Gaganendranath Tagore’s satire (1917)

Gaganendranath Tagore’s satire (1917)
In this image, printed in ink on paper in 1917 in Kolkata, an Indian man sits in a train carriage and is getting changed into his western clothes. A train guard is about to enter the carriage. In colonial India train carriages were racially divided and train guards were usually of Anglo-Indian descent. These often discriminated against native Indians. Here, the train guard has caught the native Indian trying to change his identity. The subtitle reads: “Don’t come into the room, I am about to become a sab.”

This is from a collection of 16 lithographs bound in one volume. The lithographs are a series of caricatures of Bengali life, depicting the artist’s satirical comments on a range of subjects including the caste system, the hypocrisy of Hindu priests and the double-standards of the affluent western-educated members of society known as the Bhadralok.

Gaganendranath Tagore (1867-1938) was a satirical cartoonist and painter. Born in Calcutta, Gaganendranath grew up in a family whose exceptional creativity spearheaded Calcutta’s cultural scene. Gaganendranath was the nephew of poet Rabindranath Tagore and brother of Abanindranath Tagore, the pioneer and leading exponent of the Bengal School of Art.

The artist received no formal education but was trained under the British school water colourist Harinarayan Bandopadhyay.
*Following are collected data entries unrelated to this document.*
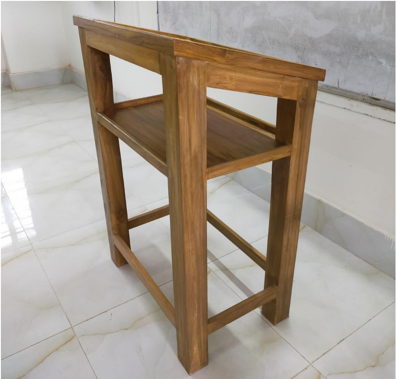
G-4 (Teachers Dais) by IDG Sub-Project
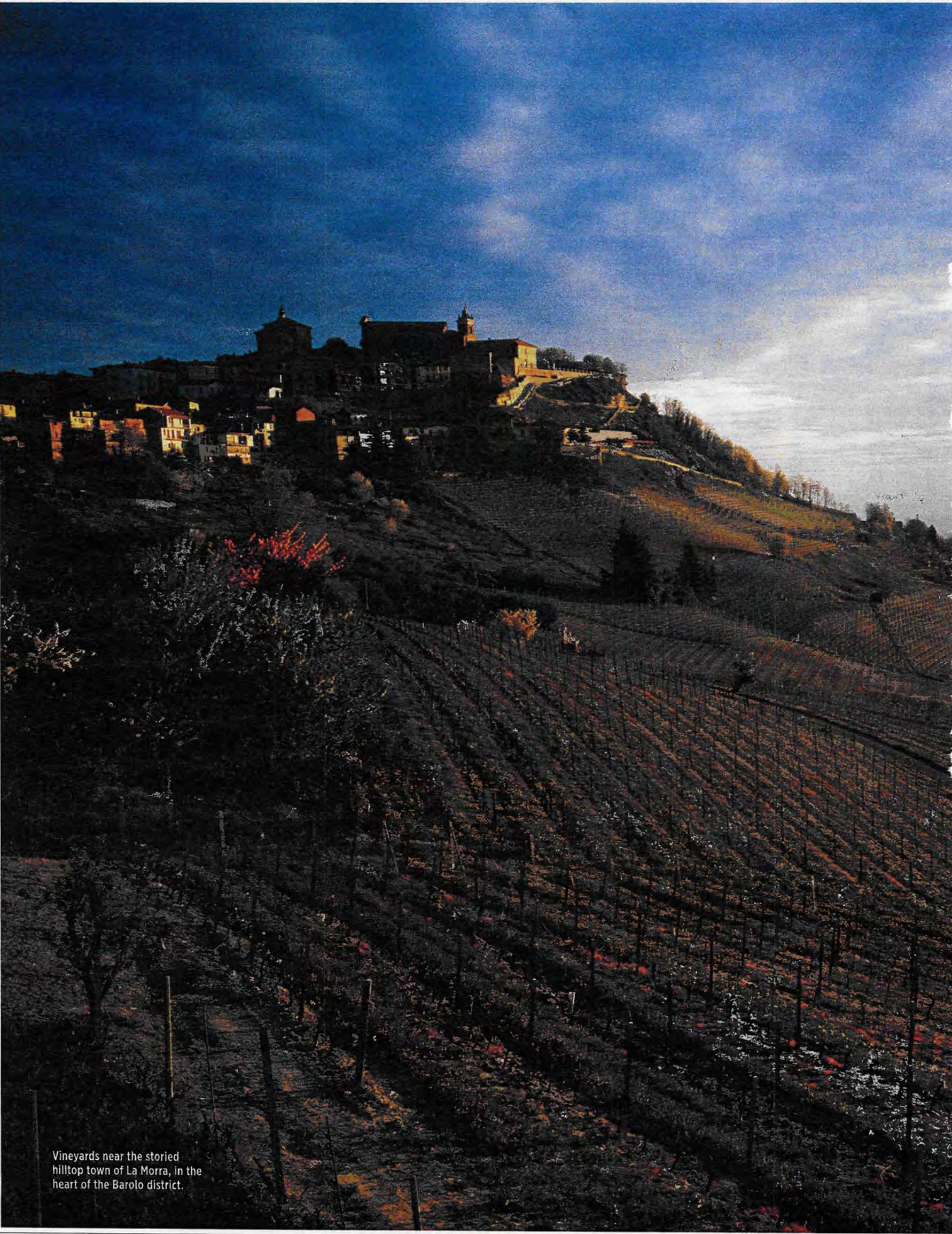
Vineyards near the storied hilltop town of La Morra, in the heart of the Barolo district.
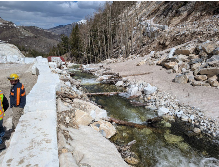
Yule Creek constructed eastern channel

In 1907, he founded the Indian Society of Oriental Art with his brother Abanindranath. Between 1906 and 1910, the artist assimilated the Japanese brush technique and Far Eastern pictorial conventions into his own work. From 1910 until 1914, Gaganendranath developed his own approach to SUMI-E or black ink. Between 1915 and 1919, the artist, with the help of his brother, set up the Bichitra club in the Tagore family house. The club served as an important social, intellectual and artistic hub of cultural life in Calcutta, where many artists, including Nandalal Bose, A.K. Haldar and Suren Kar worked at their paintings.

During these years, Gaganendranath abandoned the ideological revivalism embraced by the Bengal School of Art and took up caricature to satirize the westernised middle class of urban Bengal. The artist’s popularity was secured in 1917 when Modern Review published many of his shrewd cartoons. From 1917 onwards, his lithographs appeared in a series of books, including: Play of Opposites, Realm of the Absurd and Reform Screams. In these mocking pieces, the austerity of Kalighat paintings is wedded to the simplicity of Japanese prints. Between 1920 until 1925, Gaganendranath, informed about modern European art, pioneered experiments in cubism colour and in ink. His work however, was pictorially closer to the dynamism of Italian Futurism rather than the work of Picasso and Braque. From 1925 onwards, the artist developed a complex post-cubist style. Gaganendranath’s work has been exhibited internationally.

In this series of caricatures, the artist wanted to highlight the nature of society in India at a time when the struggle for Indian Independence from British rule was just beginning. He wanted to expose the hypocrisy of the Hindu priesthood as well as the rich westernised Indians who had lost sight of the value of their own culture. This album was printed in small quantities and was sold for four rupees.